[Stored records]
+ + + +

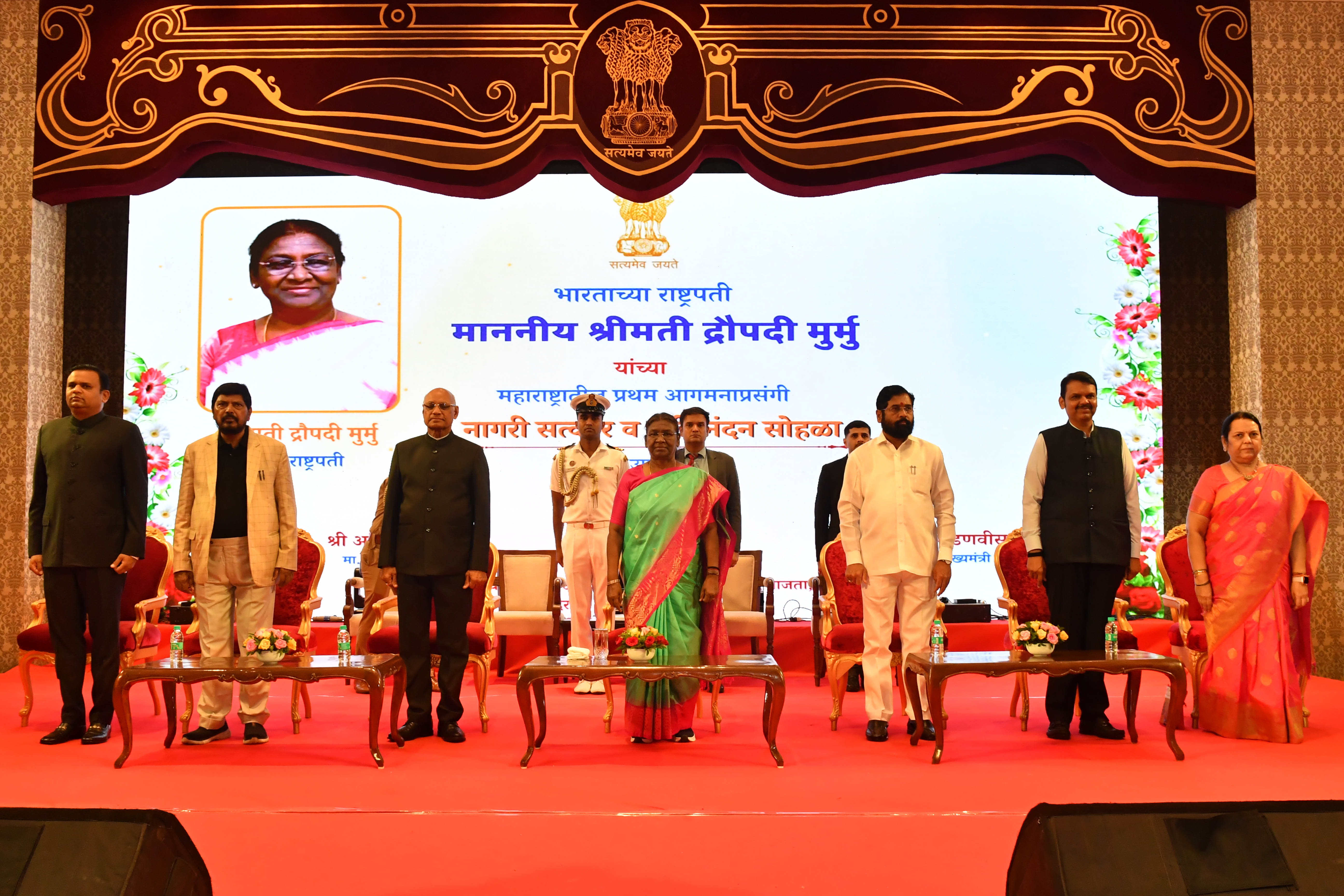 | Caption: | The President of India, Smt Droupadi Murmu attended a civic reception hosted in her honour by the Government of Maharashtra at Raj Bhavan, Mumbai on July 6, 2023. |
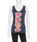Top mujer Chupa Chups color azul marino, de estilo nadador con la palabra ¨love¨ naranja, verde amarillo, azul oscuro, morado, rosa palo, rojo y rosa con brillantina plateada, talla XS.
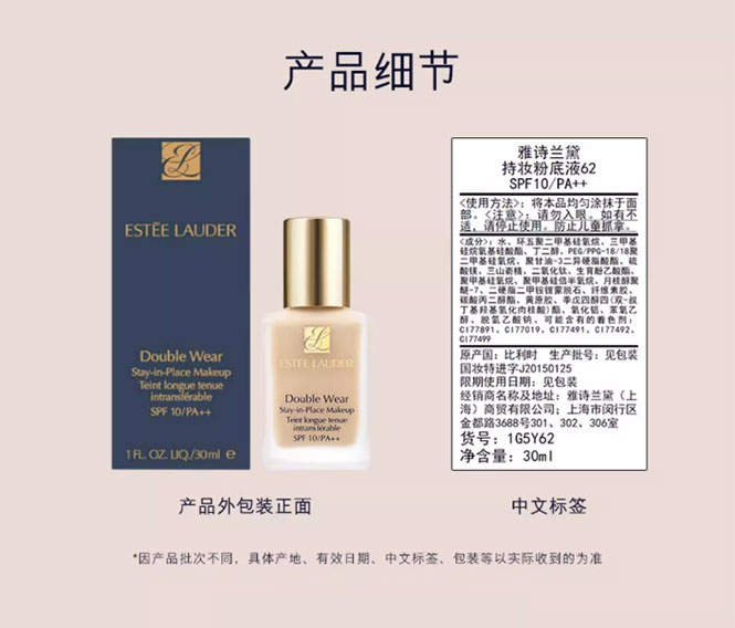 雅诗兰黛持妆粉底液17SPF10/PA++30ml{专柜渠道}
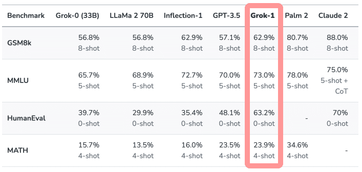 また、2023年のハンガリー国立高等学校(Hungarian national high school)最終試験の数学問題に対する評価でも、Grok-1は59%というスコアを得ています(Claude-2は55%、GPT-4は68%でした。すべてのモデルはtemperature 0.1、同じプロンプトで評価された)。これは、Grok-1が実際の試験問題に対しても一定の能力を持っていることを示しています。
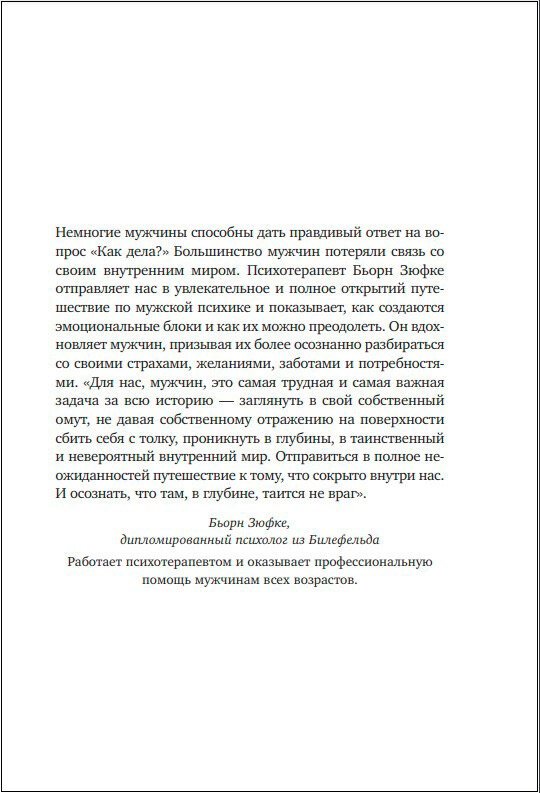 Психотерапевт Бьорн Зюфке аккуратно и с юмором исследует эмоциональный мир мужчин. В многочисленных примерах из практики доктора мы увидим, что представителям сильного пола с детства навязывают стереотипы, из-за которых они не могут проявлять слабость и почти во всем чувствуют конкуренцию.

+ + + +

## ABOUT THIS TASK
Only the lines from where the data begins to the line with "また、2023年のハンガリー国立高等学校(Hungarian national high", both of them included, should be reproduced word for word; no pictures.

## ANSWER AREA
 | Caption: | The President of India, Smt Droupadi Murmu attended a civic reception hosted in her honour by the Government of Maharashtra at Raj Bhavan, Mumbai on July 6, 2023. |
Top mujer Chupa Chups color azul marino, de estilo nadador con la palabra ¨love¨ naranja, verde amarillo, azul oscuro, morado, rosa palo, rojo y rosa con brillantina plateada, talla XS.
 雅诗兰黛持妆粉底液17SPF10/PA++30ml{专柜渠道}
 また、2023年のハンガリー国立高等学校(Hungarian national high school)最終試験の数学問題に対する評価でも、Grok-1は59%というスコアを得ています(Claude-2は55%、GPT-4は68%でした。すべてのモデルはtemperature 0.1、同じプロンプトで評価された)。これは、Grok-1が実際の試験問題に対しても一定の能力を持っていることを示しています。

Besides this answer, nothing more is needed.